When running a website it can be difficult to determine what you can claim upfront as a tax deduction and what you need to depreciate over time. It’s important to understand the tax implications if you are planning to launch a new website or refreshing an existing one.
Capital cost – can’t immediately claim
If an expense relates to the initial development of the website, it’s considered an expense capital in nature, so it can’t be claimed for an immediate deduction.
Other costs you can’t claim for immediate deduction include:
- changes to your website that improve the business’ ability to make a profit
- costs incurred when migrating content from an old to a new website
- cost of securing the right to use a domain name.
It’s important to check with us when it comes to any software you have developed in-house. For these expenses to be immediately deductible, it must be complex and seen as significantly improving your website.
Revenue cost – can immediately claim
Costs related to the running and usage of your website – such as operating and routine maintenance costs – are considered to be revenue in nature by the ATO.
Costs that you can claim immediate deductions in full for include:
- periodic domain name registration fees
- monthly hosting fees
- upgrading website software to appear correctly on new mobile devices, browsers and operating systems
- Updating your website content with new articles, graphics or advertising.
Reprieve for small business
Before you start combing through all your website expenses to try and work out whether you can claim them upfront, it’s worth noting there is a reprieve for smaller businesses.
If your business qualifies as a Small Business Entity, you may not need to work out whether your website expenses are capital or revenue in nature.
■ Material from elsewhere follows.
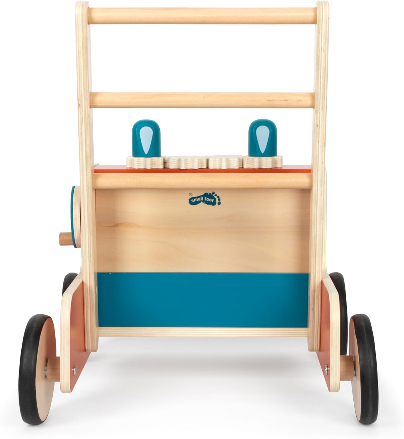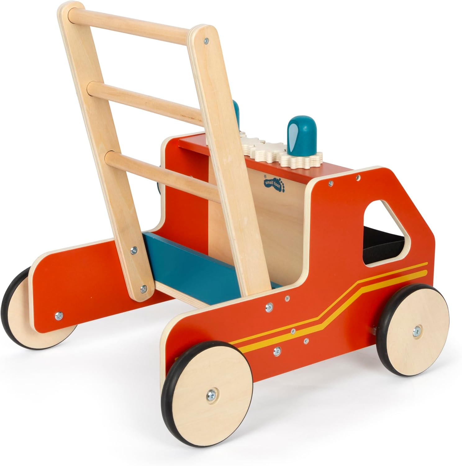 Taking big steps in the world of heroes who put out the fire! This robust walker made of high-quality wood is not only a toy, but also a faithful companion for those first steps. With its attractive fire truck design, it sparks imagination and invites children to embark on exciting adventures. Equipped with a practical felt basket that can be easily removed, it offers space for small treasures and toys. Thanks to the integrated braking system, it allows controlled pushing. The rubber wheels not only ensure quiet and safe movement, but also protect the floor surface. The continuous shaft ensures a stable hold and prevents the walker from tipping over. The highlight of this walker is the fascinating set of gear wheels on the top, which not only stimulates the senses, but also spins the two blue lights of the fire engine. For more fun playing and motor skills, the walker has a crank on the side.

Under the government’s popular $25,000 instant asset write-off concession, the business portion of website capital expenses can be written off immediately, rather than depreciated over five years.
To qualify to use the simplified depreciation rules and claim an immediate deduction, your turnover must be under $10 million and the capital expense for your website must have been first used or installed ready for use during the income year you are claiming the expense.
This means if you are a small business and do not have large website costs, you can avoid the problem of working out what is and is not deductible.